▶ _Work task_
Omitting all pictures, print the lines of the listing from the one containing "澳洲 HealthyCare VE绵羊油 100g 保税区免邮直发" through the final line, both ends included, with no other text.
● ● ● ● ● ● ●
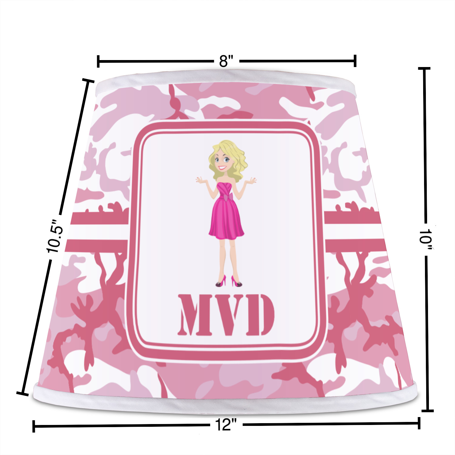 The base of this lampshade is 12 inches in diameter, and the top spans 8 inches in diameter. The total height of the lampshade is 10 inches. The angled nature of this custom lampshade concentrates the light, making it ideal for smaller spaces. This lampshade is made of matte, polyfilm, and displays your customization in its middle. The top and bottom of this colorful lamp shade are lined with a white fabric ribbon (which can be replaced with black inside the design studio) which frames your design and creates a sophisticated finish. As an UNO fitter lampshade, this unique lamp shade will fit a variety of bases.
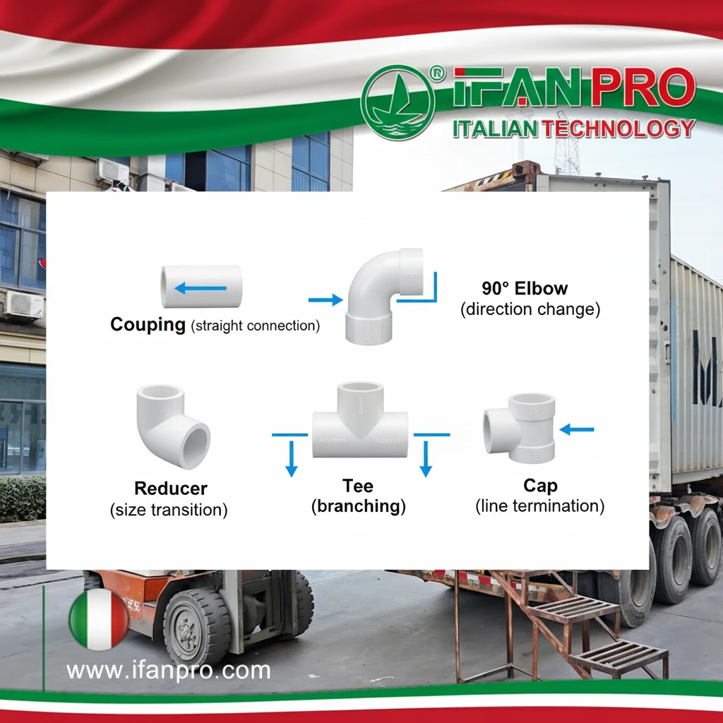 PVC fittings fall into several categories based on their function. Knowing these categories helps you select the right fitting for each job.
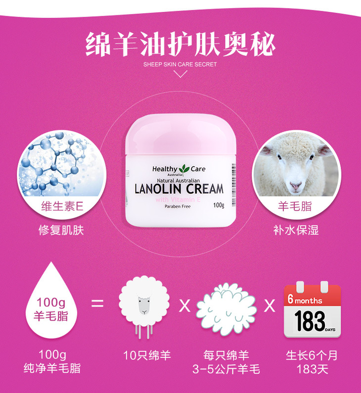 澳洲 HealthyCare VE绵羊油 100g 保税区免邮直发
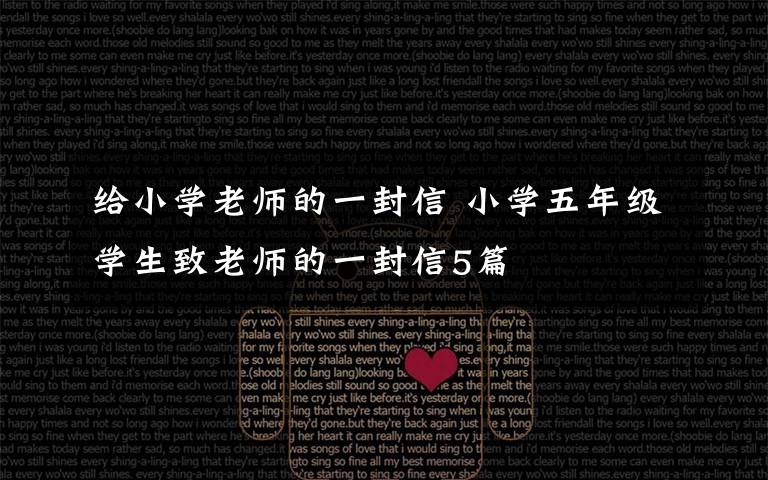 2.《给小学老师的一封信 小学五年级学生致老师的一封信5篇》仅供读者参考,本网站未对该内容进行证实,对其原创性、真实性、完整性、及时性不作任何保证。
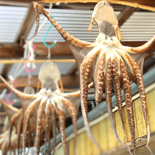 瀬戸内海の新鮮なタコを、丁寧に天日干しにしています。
● ● ● ● ● ● ●
▶ _Task result_
 澳洲 HealthyCare VE绵羊油 100g 保税区免邮直发
 2.《给小学老师的一封信 小学五年级学生致老师的一封信5篇》仅供读者参考,本网站未对该内容进行证实,对其原创性、真实性、完整性、及时性不作任何保证。
 瀬戸内海の新鮮なタコを、丁寧に天日干しにしています。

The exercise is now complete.